Return, with both end lines included, exactly what the data below holds from the line with "For many here, that" through the line with "им Кошка арт.", though not the pictures.

◆ **Data to examine**:
*** Begin section ***

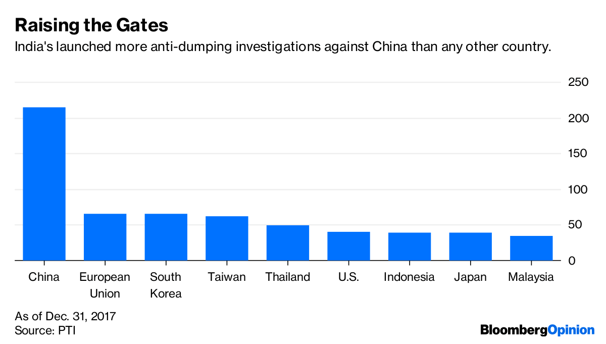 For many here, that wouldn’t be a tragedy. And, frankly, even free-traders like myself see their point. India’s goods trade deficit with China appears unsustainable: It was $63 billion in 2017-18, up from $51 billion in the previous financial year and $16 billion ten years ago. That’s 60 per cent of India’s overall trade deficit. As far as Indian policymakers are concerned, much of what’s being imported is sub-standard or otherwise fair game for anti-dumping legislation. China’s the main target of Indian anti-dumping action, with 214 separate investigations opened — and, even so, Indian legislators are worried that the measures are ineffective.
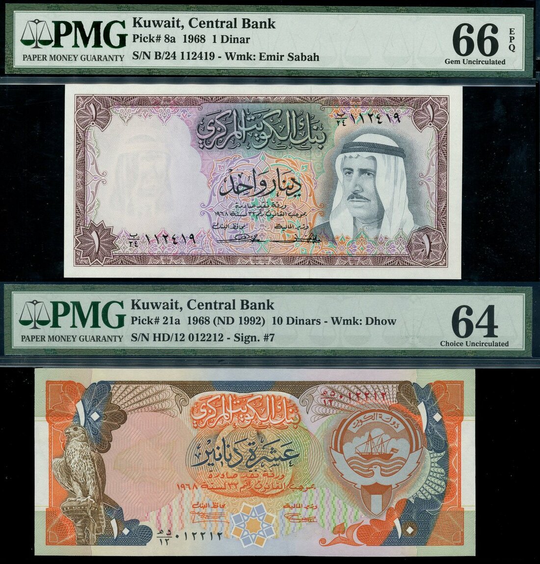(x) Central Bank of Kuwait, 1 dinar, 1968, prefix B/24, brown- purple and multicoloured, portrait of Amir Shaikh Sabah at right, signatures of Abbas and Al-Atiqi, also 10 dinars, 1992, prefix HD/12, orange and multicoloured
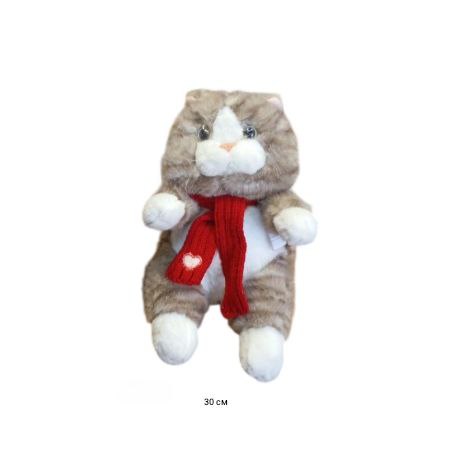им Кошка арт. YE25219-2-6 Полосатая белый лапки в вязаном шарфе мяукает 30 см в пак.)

*** End section ***
*** Begin section ***

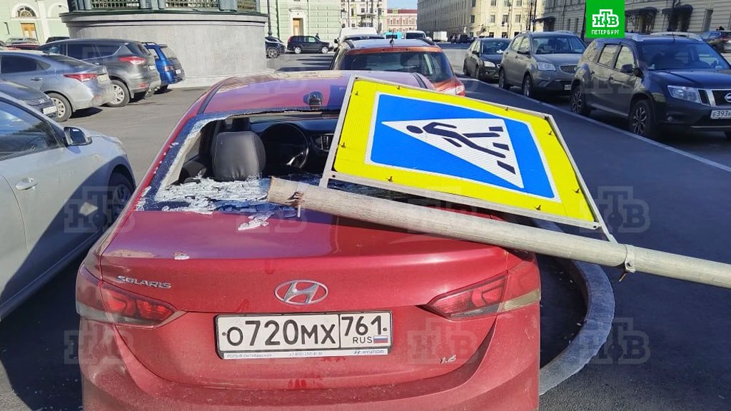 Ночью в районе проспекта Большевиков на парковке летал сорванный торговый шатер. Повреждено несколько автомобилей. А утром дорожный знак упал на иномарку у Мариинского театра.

*** End section ***

◆ **Reply**:
 For many here, that wouldn’t be a tragedy. And, frankly, even free-traders like myself see their point. India’s goods trade deficit with China appears unsustainable: It was $63 billion in 2017-18, up from $51 billion in the previous financial year and $16 billion ten years ago. That’s 60 per cent of India’s overall trade deficit. As far as Indian policymakers are concerned, much of what’s being imported is sub-standard or otherwise fair game for anti-dumping legislation. China’s the main target of Indian anti-dumping action, with 214 separate investigations opened — and, even so, Indian legislators are worried that the measures are ineffective.
(x) Central Bank of Kuwait, 1 dinar, 1968, prefix B/24, brown- purple and multicoloured, portrait of Amir Shaikh Sabah at right, signatures of Abbas and Al-Atiqi, also 10 dinars, 1992, prefix HD/12, orange and multicoloured
им Кошка арт. YE25219-2-6 Полосатая белый лапки в вязаном шарфе мяукает 30 см в пак.)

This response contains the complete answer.